[Records from a data source]

○ ○ ○

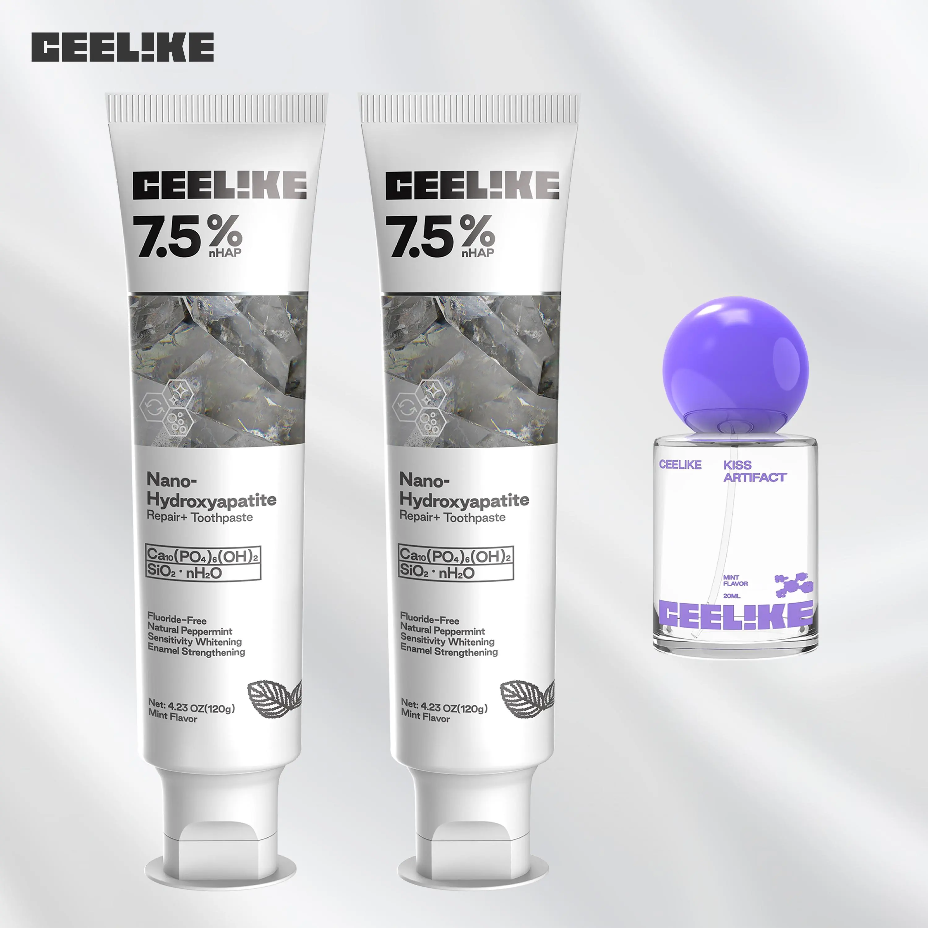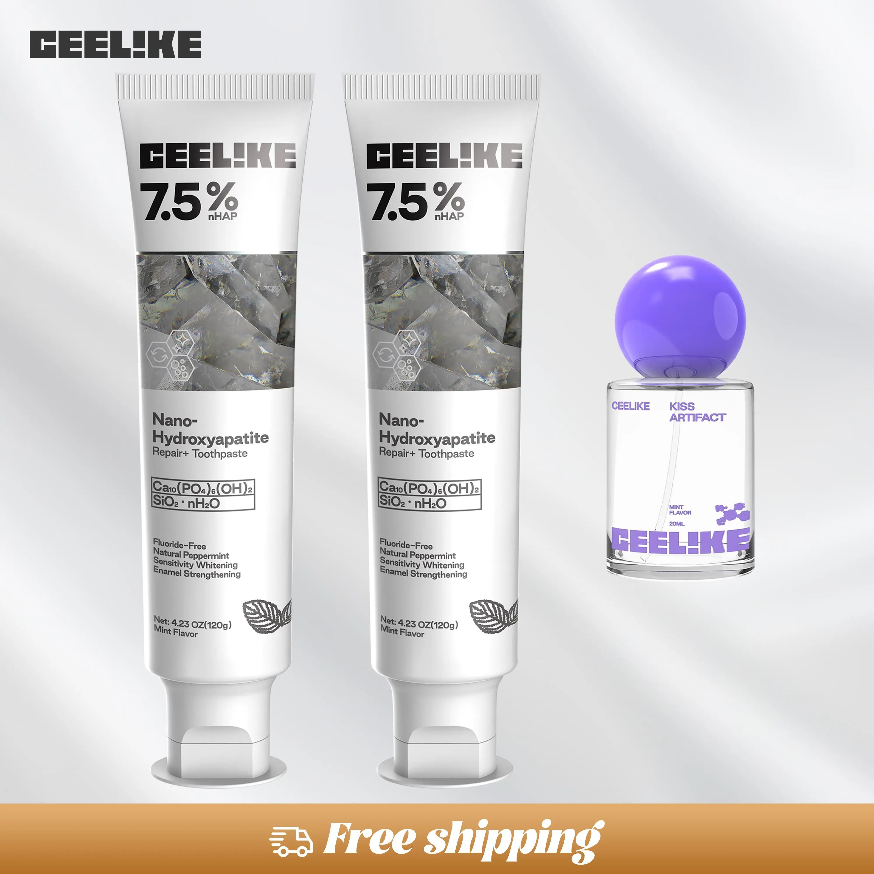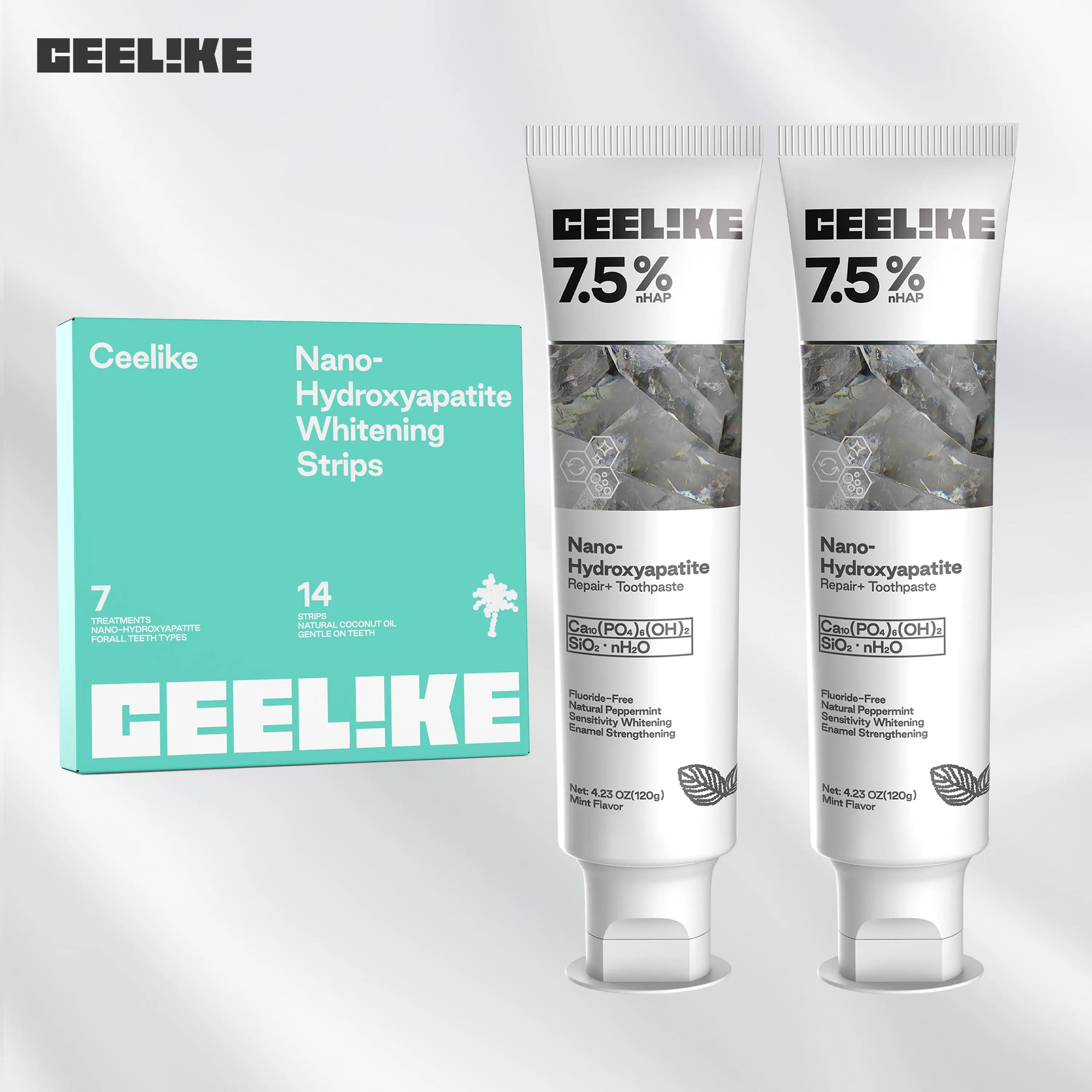 Ceelike offers a comprehensive oral care solution. The set includes an oral spray, hydroxyapatite toothpaste, and teeth strips. These products work together to provide fresh breath, strong teeth, and lasting protection. Perfect for maintaining oral hygiene.
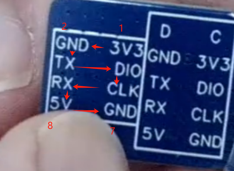 首先查看烧录器端的引脚定义。注意,我们看的是背面,因此正面来看右侧是1号引脚,顺序如上图。
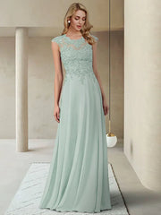 Wholesale Mother of the Bride Dress Elegant Jewel Neck Floor Length Chiffon Lace Short Sleeve with Pleats Appliques - US 2 / UK 6 / EU 32
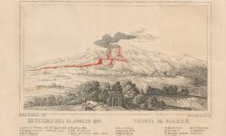 Giovanni GUARINI, Luigi PALMIERI, Arcangelo SCACCHI, Memoria sullo incendio vesuviano, Napoli, Gaetano NOBILE, 1855. Litografie. Tav. I-III. Disegnatore Arcangelo SCACCHI. Litografo: Bruno COLAO. Tav. IV. Disegnatori: Arcangelo SCACCHI e Guglielmo GUISCARDI. Litografo: Bruno COLAO. Tav. V. Disegnatore: anonimo. Litografo: Antonio MEZZANO. Tav. VI. Disegnatore: Augusto CIULI. Litografo: Gioacchino FORINO. La…
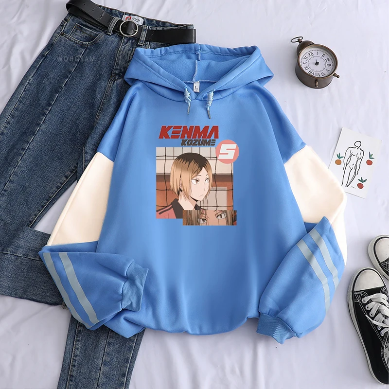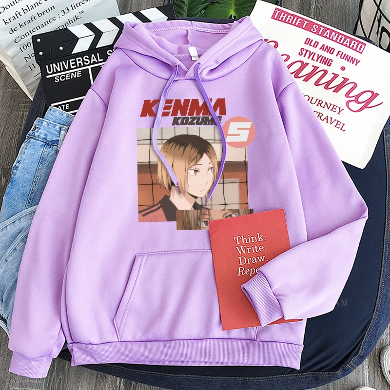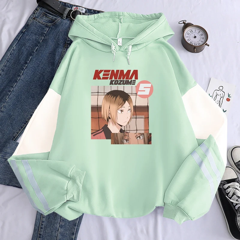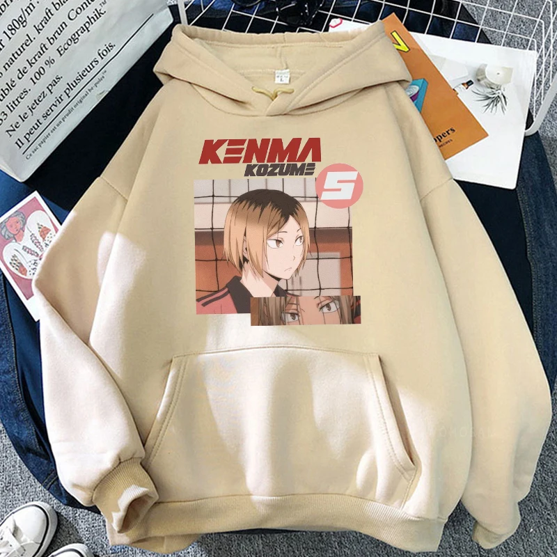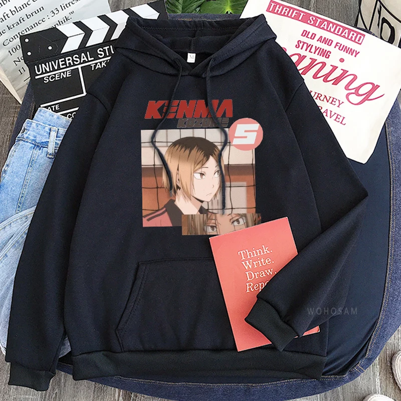 Толстовки в стиле аниме Харадзюку с принтом манга Haikyuu, мужские милые толстовки в стиле некома для старшей школы, кенма козуме, мультяшный волейбол, Детская уличная одежда, свитшоты
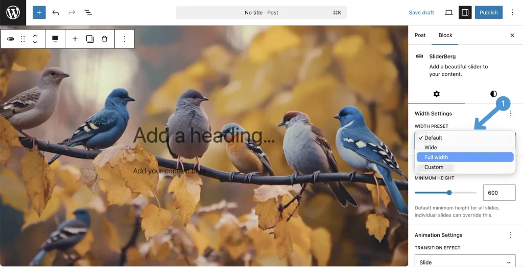 Sliderberg lets you control the overall size of your slider with width and minimum height settings. You can adjust the slider width to fit your layout and set a minimum height to keep it consistent.
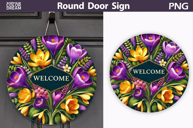 Crocus Add Your Text Round Door Sign Round Door Hanger Spring Round Sign Mothers Day Round Sign Spring Floral Round Sign Easter Round Hanger Crocus Round Sign Crocus Round Sublimation
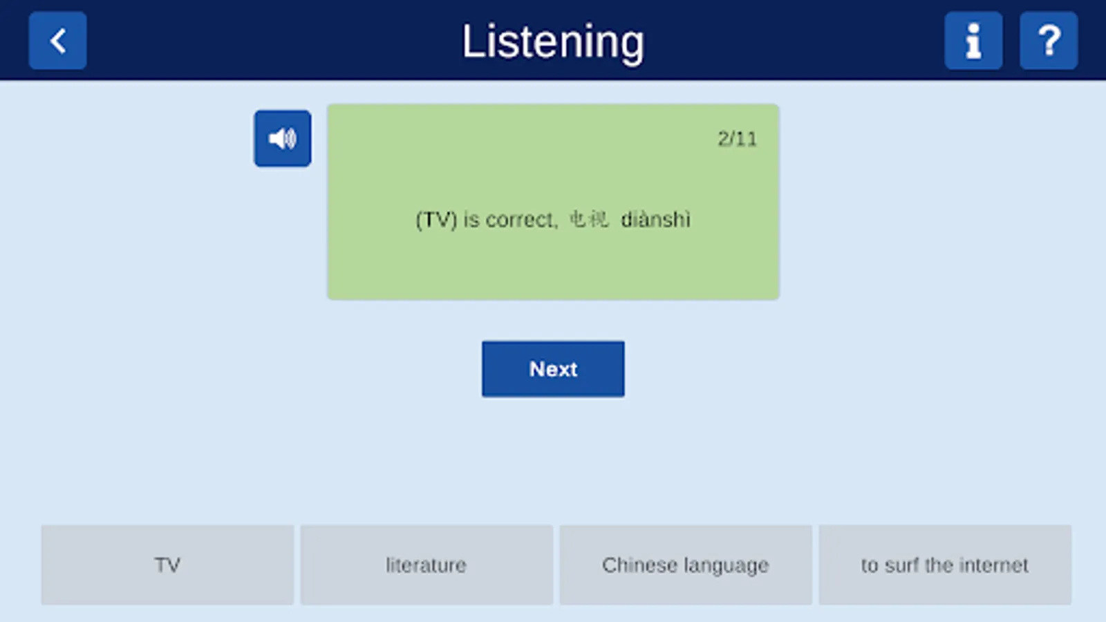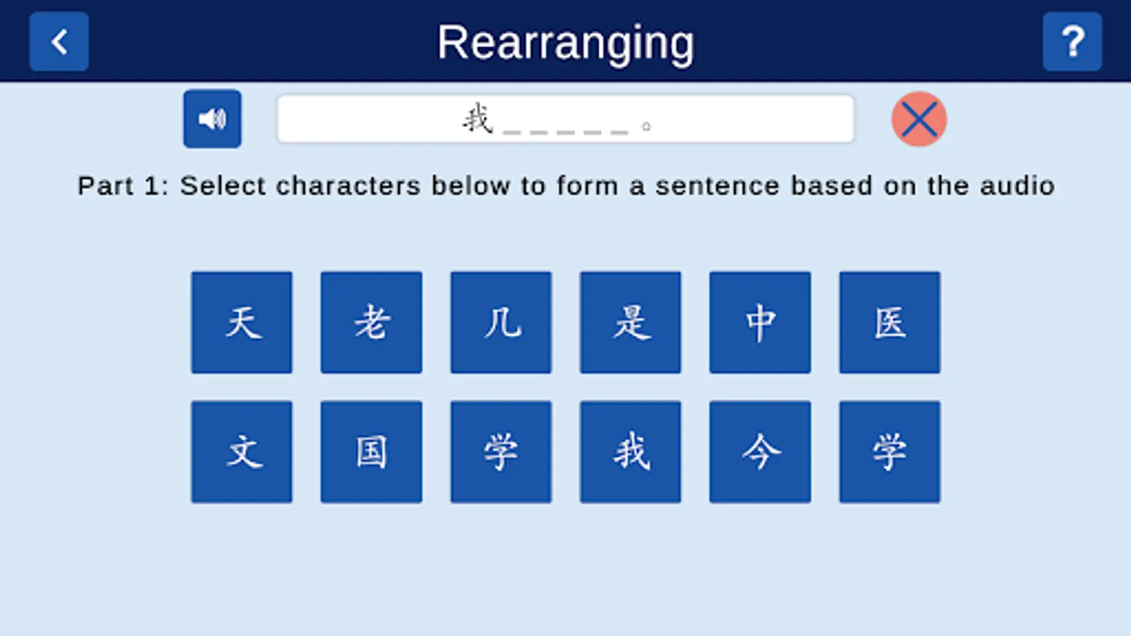 Rearranging: Here you get the opportunity to practise forming a sentence based on the audio you hear, using the characters provided, which you have already learnt. Instant feedback is provided.
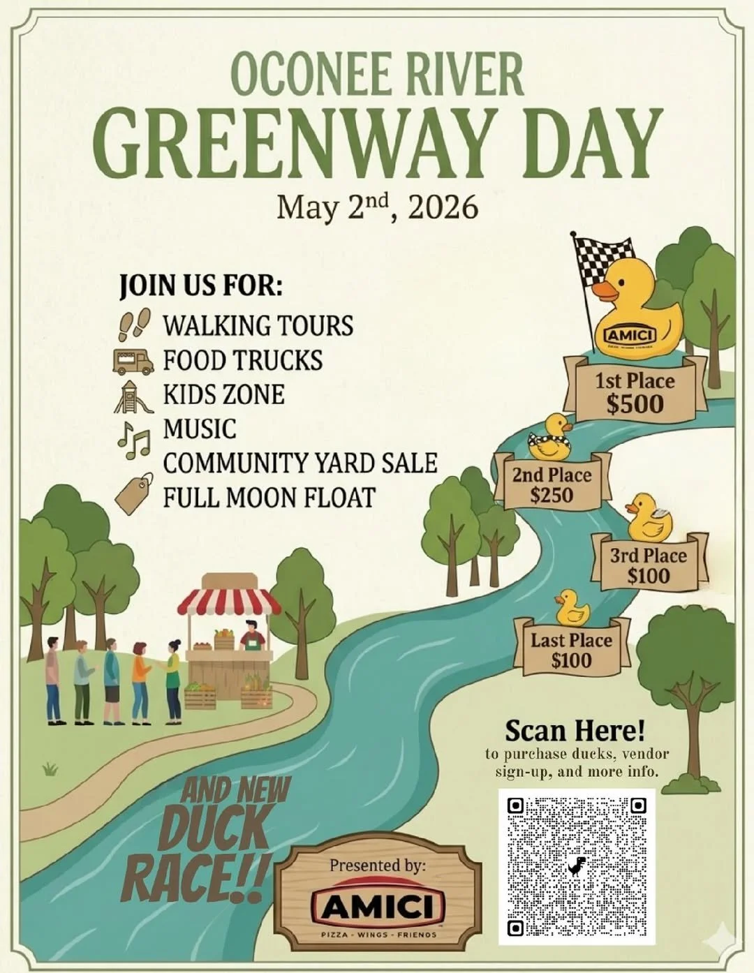 Join us on May 2 from 8 AM to 4 PM at the beautiful Oconee River Greenway for an exciting lineup of activities for all ages. Enjoy guided walking tours, delicious food trucks, live music, and a dedicated kids zone packed with fun.
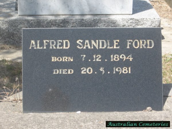 | FORD | Alfred Sandle | photo | 7/12/1894 | 20/5/1981 | 86 | par Alfred S.H. & Jannie Ford | |
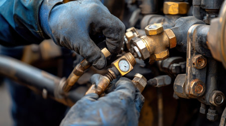Close-up of a mechanics gloved hand adjusting a part of an engine, highlighting maintenance and repair work.
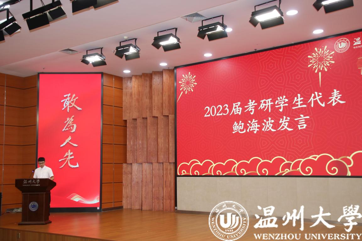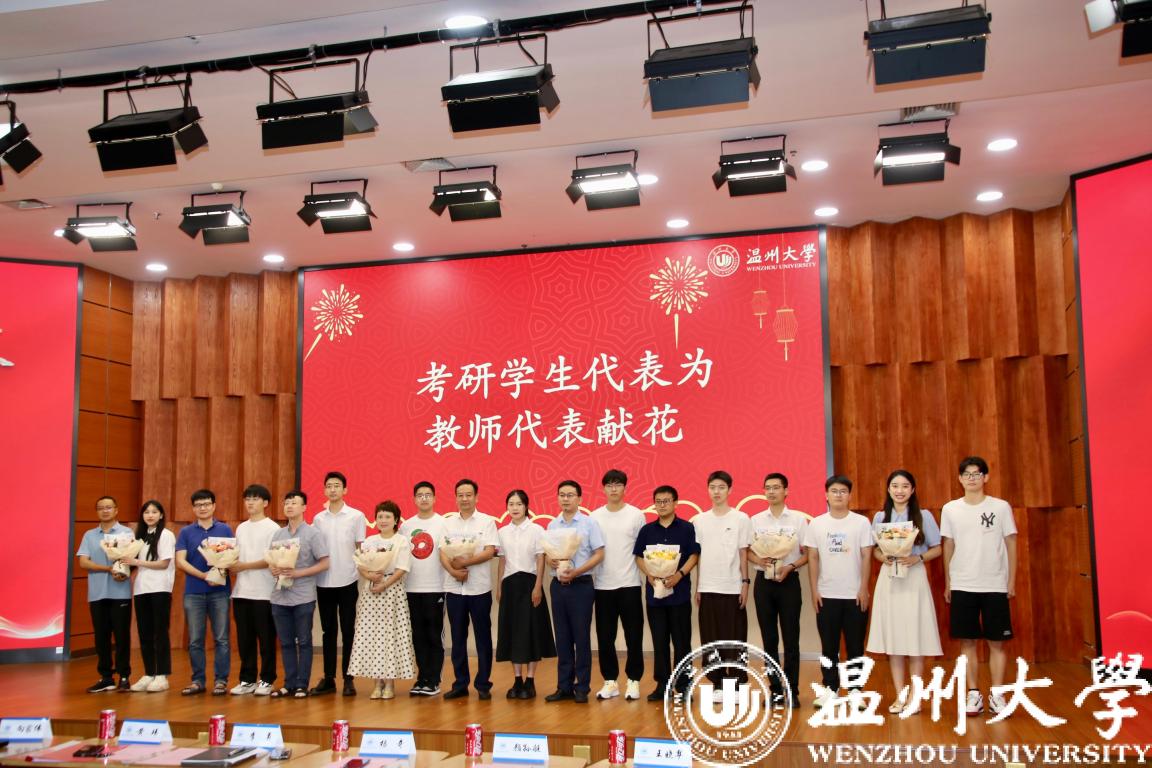 2023届考研学生代表鲍海波进行考研总结,他首先代表广大考研学子向加拿大28预测 及老师们表达感谢,并表示正是因为有加拿大28预测 的大力支持以及老师们的默默付出,2023届考研学子才能取得如此优异的成绩;同时,他回顾了一年以来的考研之路,经历了无数次的崩溃与泪水,研路带来的是品性的坚毅,言行的坚定,内心的无畏。机电学子必将继续努力,不断奋进,未来在自身领域取得更耀眼的成绩。随后,考研学生代表们向老师们献花,感恩研途中老师们的耐心教导与关怀备至。

○ ○ ○

» WORK TASK: Reproduce the data above exactly, leaving out any picture in it.

» ANSWER FOR THE TASK:
 Ceelike offers a comprehensive oral care solution. The set includes an oral spray, hydroxyapatite toothpaste, and teeth strips. These products work together to provide fresh breath, strong teeth, and lasting protection. Perfect for maintaining oral hygiene.
 首先查看烧录器端的引脚定义。注意,我们看的是背面,因此正面来看右侧是1号引脚,顺序如上图。
 Wholesale Mother of the Bride Dress Elegant Jewel Neck Floor Length Chiffon Lace Short Sleeve with Pleats Appliques - US 2 / UK 6 / EU 32
 Giovanni GUARINI, Luigi PALMIERI, Arcangelo SCACCHI, Memoria sullo incendio vesuviano, Napoli, Gaetano NOBILE, 1855. Litografie. Tav. I-III. Disegnatore Arcangelo SCACCHI. Litografo: Bruno COLAO. Tav. IV. Disegnatori: Arcangelo SCACCHI e Guglielmo GUISCARDI. Litografo: Bruno COLAO. Tav. V. Disegnatore: anonimo. Litografo: Antonio MEZZANO. Tav. VI. Disegnatore: Augusto CIULI. Litografo: Gioacchino FORINO. La…
 Толстовки в стиле аниме Харадзюку с принтом манга Haikyuu, мужские милые толстовки в стиле некома для старшей школы, кенма козуме, мультяшный волейбол, Детская уличная одежда, свитшоты
 Sliderberg lets you control the overall size of your slider with width and minimum height settings. You can adjust the slider width to fit your layout and set a minimum height to keep it consistent.
 Crocus Add Your Text Round Door Sign Round Door Hanger Spring Round Sign Mothers Day Round Sign Spring Floral Round Sign Easter Round Hanger Crocus Round Sign Crocus Round Sublimation
 Rearranging: Here you get the opportunity to practise forming a sentence based on the audio you hear, using the characters provided, which you have already learnt. Instant feedback is provided.
 Join us on May 2 from 8 AM to 4 PM at the beautiful Oconee River Greenway for an exciting lineup of activities for all ages. Enjoy guided walking tours, delicious food trucks, live music, and a dedicated kids zone packed with fun.
 | FORD | Alfred Sandle | photo | 7/12/1894 | 20/5/1981 | 86 | par Alfred S.H. & Jannie Ford | |
Close-up of a mechanics gloved hand adjusting a part of an engine, highlighting maintenance and repair work.
 2023届考研学生代表鲍海波进行考研总结,他首先代表广大考研学子向加拿大28预测 及老师们表达感谢,并表示正是因为有加拿大28预测 的大力支持以及老师们的默默付出,2023届考研学子才能取得如此优异的成绩;同时,他回顾了一年以来的考研之路,经历了无数次的崩溃与泪水,研路带来的是品性的坚毅,言行的坚定,内心的无畏。机电学子必将继续努力,不断奋进,未来在自身领域取得更耀眼的成绩。随后,考研学生代表们向老师们献花,感恩研途中老师们的耐心教导与关怀备至。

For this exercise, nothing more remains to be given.